BE STILL MY BEATING HEART!
With every copy I send out to be reviewed, or every reader who’s read ‘Femme’ so far, I’m freaking out. Short of breath, racing heart, shaking hands. It doesn’t last long, but every time I press ‘send’ on an email that sends out ‘Femme’ for a review, I travel through a short, anxious path to the other side. For those who used to watch the TV show Lost, and there was that very short blast of music that was the intro for the show – that would be the soundtrack to my singular emotion.
I can calm myself down (mostly) but there’s still that concern: What if they (the reviewer) hates it? What if they give me a one star review with the singular feedback of ‘This is rubbish’? I love criticism, don’t get me wrong. When my beta-readers found flaws I was ecstatic because 1) they were mostly minor and 2) fixing them made my book better. But criticism from the public? Criticism in the form of a single star and no other explanation?
TWINKLE TWINKLE LITTLE STAR
I honestly don’t believe I’ll attract a one star review, but I have seen them on books where I thought the rating was unjust. One star is a rating reserved for an unedited, unpolished, structurally flawed story, isn’t it? I wouldn’t give one star to something I simply didn’t like. There are tons of stories that don’t interest me or thrill me that are worthy of four or even five stars. As a writer I can recognise the difference between a story well told and something I merely have (or don’t have) preference for. I think I’ll be able to weather a one-star review or rating on ‘Femme’ as long as I have a fair amount of good ratings to offset it (like 10 good ones and 1 bad one maybe? I could survive that!)
THE COURAGE TO PUBLISH
The worst case scenario is that I’ll attract nothing but 1 star ratings from the public which will cause me to never write/publish again. The ratings I can’t control, but the writing I can. Thankfully, because I’ve had short stories published a number of times, I’ve already received the acknowledgement of other people (and DIFFICULT TO PLEASE people) that I’m not wasting my time writing commercially. Even so, publishers are not who I need to please – and that’s never been truer for me at this point. I need to please readers.

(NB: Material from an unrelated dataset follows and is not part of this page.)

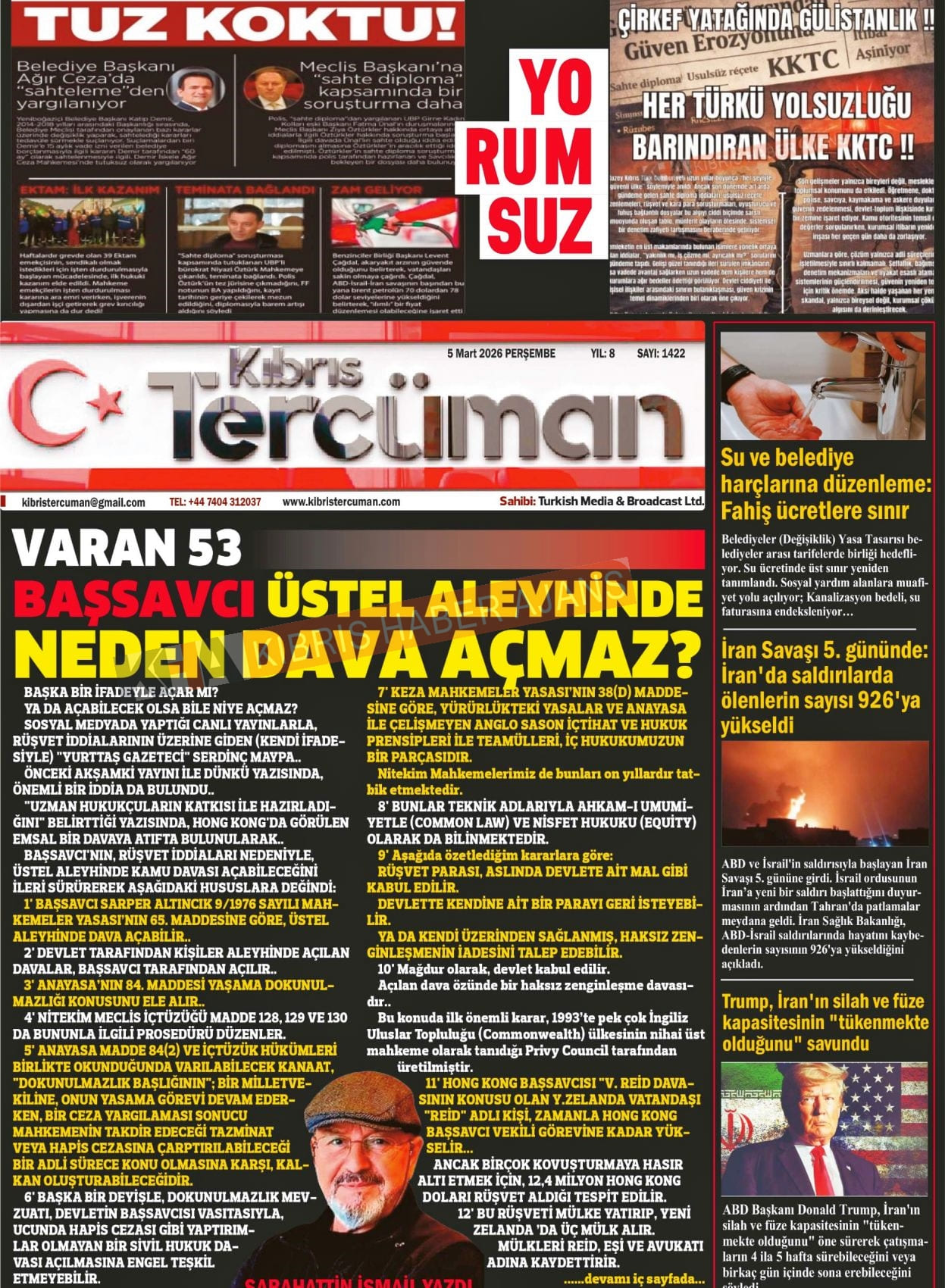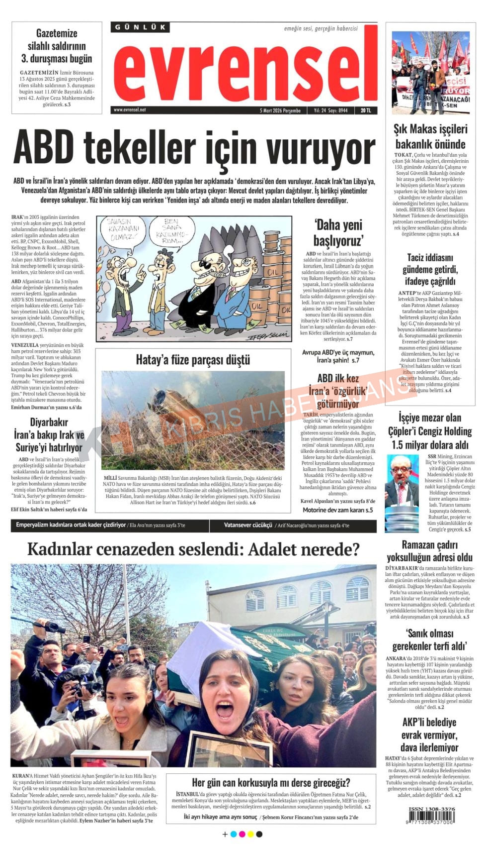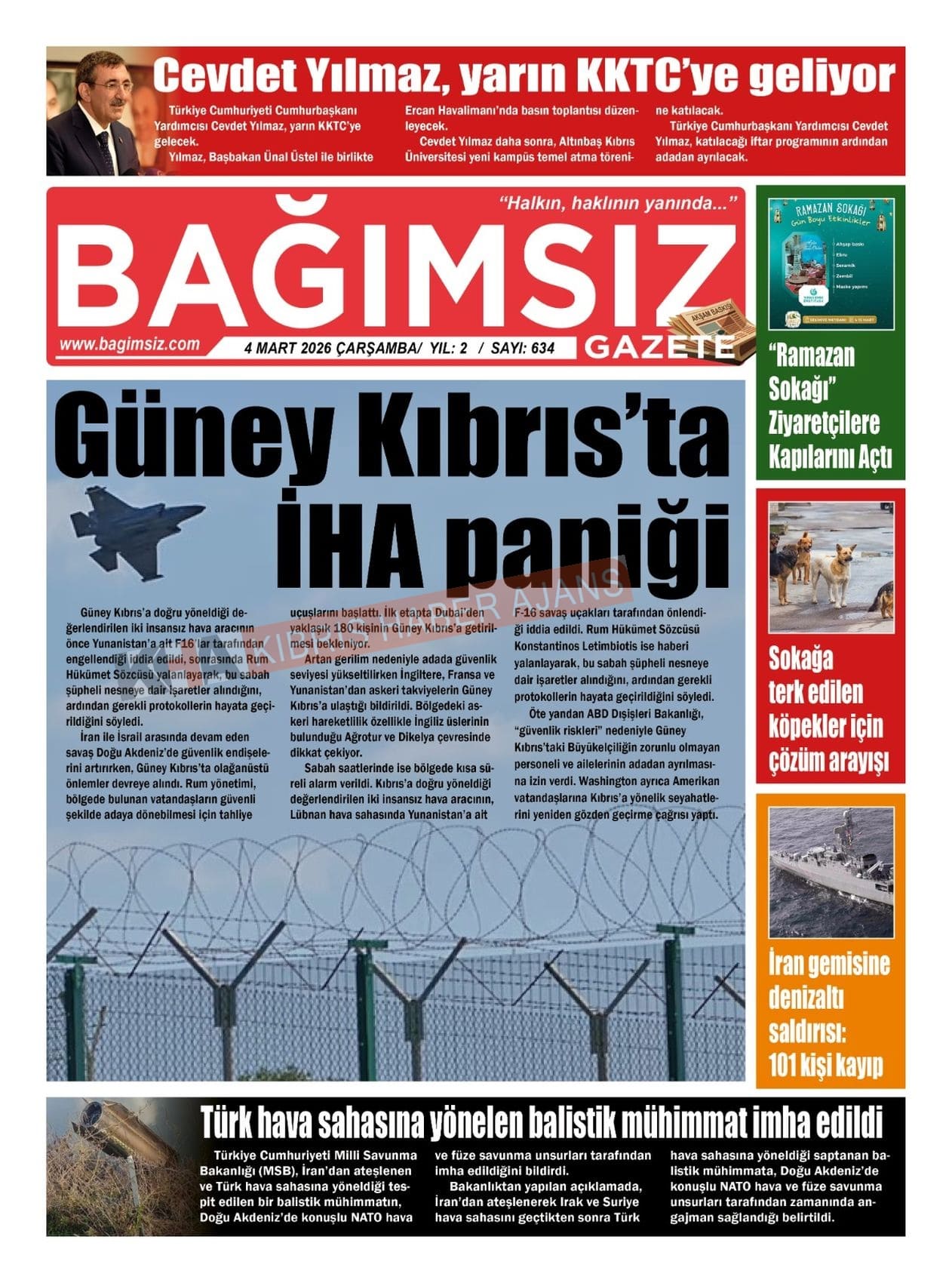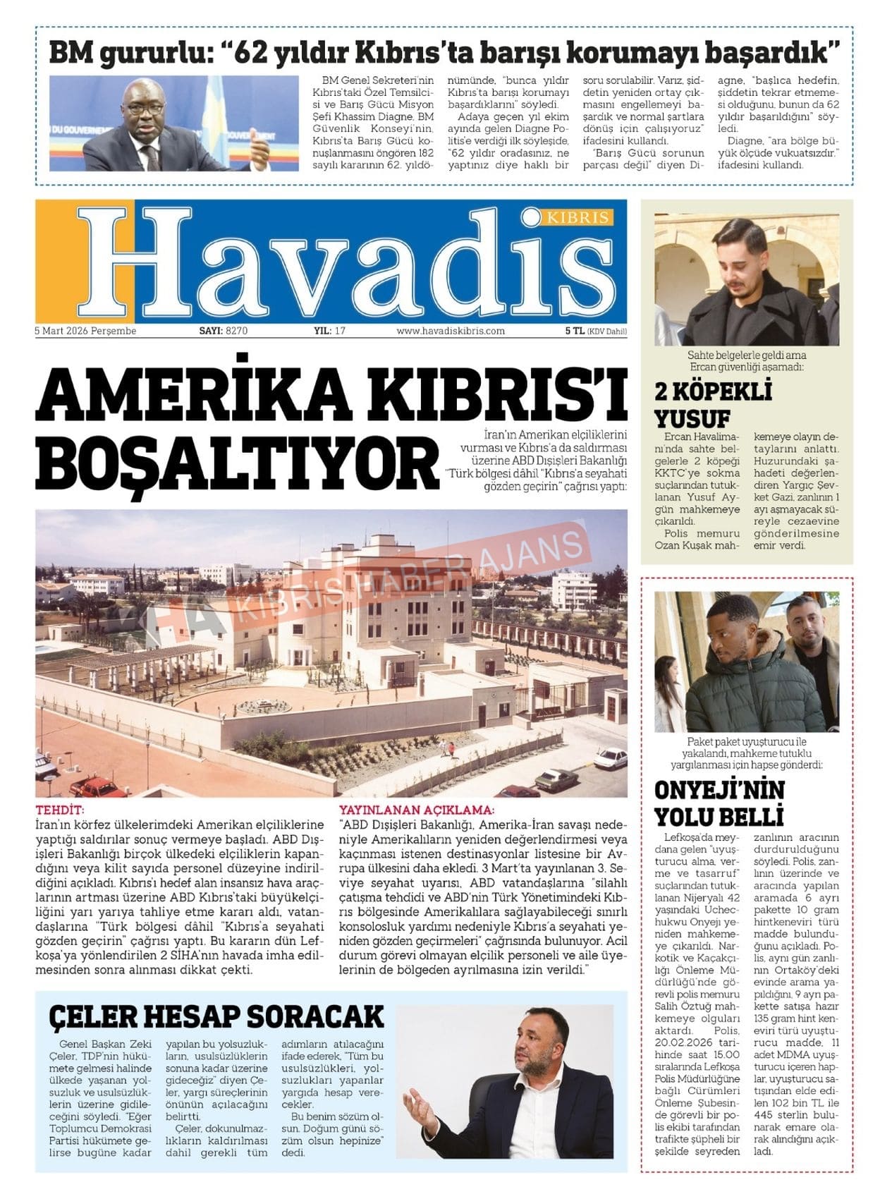 Sitede yayınlanan gazetelerdeki içeriklerden gazete sahipleri sorumludur. Yayınlanan gazeteler ve içeriklerinden Kıbrıs Haber Ajans ve Ajans Cyprus sorumlu tutulamaz.

So what happens if ‘Femme’ returns with one star reviews and a sound bashing? What happens if it gets throttled and criticised and everyone who touches it hates it?
I’ll very likely take it off my website and the digital shelves. I’ll shed a few tears, shake it off, learn from it and move on. I’ll understand that perhaps a science fantasy entwined with a romantic coming-of-age story set in a utopian slave-world is not what the public wants right now. Maybe nobody will ever want it except me. I have more stories, more ideas. It sounds a ridiculous thing to imagine (to summon your worst fears) but it was the thing that gave me courage to publish; to consider the absolute worst-case scenario and think about what I would do in the face of it.
SO WHAT HAPPENS IF EVERYONE REALLY DOES HATE MY BOOK?
It won’t kill me. It won’t stop me writing. It’ll make me feel like crap for a while. Then I’ll set my sights on a different goal to what I’d initially intended, with different kinds of stories. I’ll review what it is that everyone hated and I won’t make the same mistake again. It will be the end of the Wanderer of Worlds series (because Femme is semi-connected to it) but it won’t be the end of me.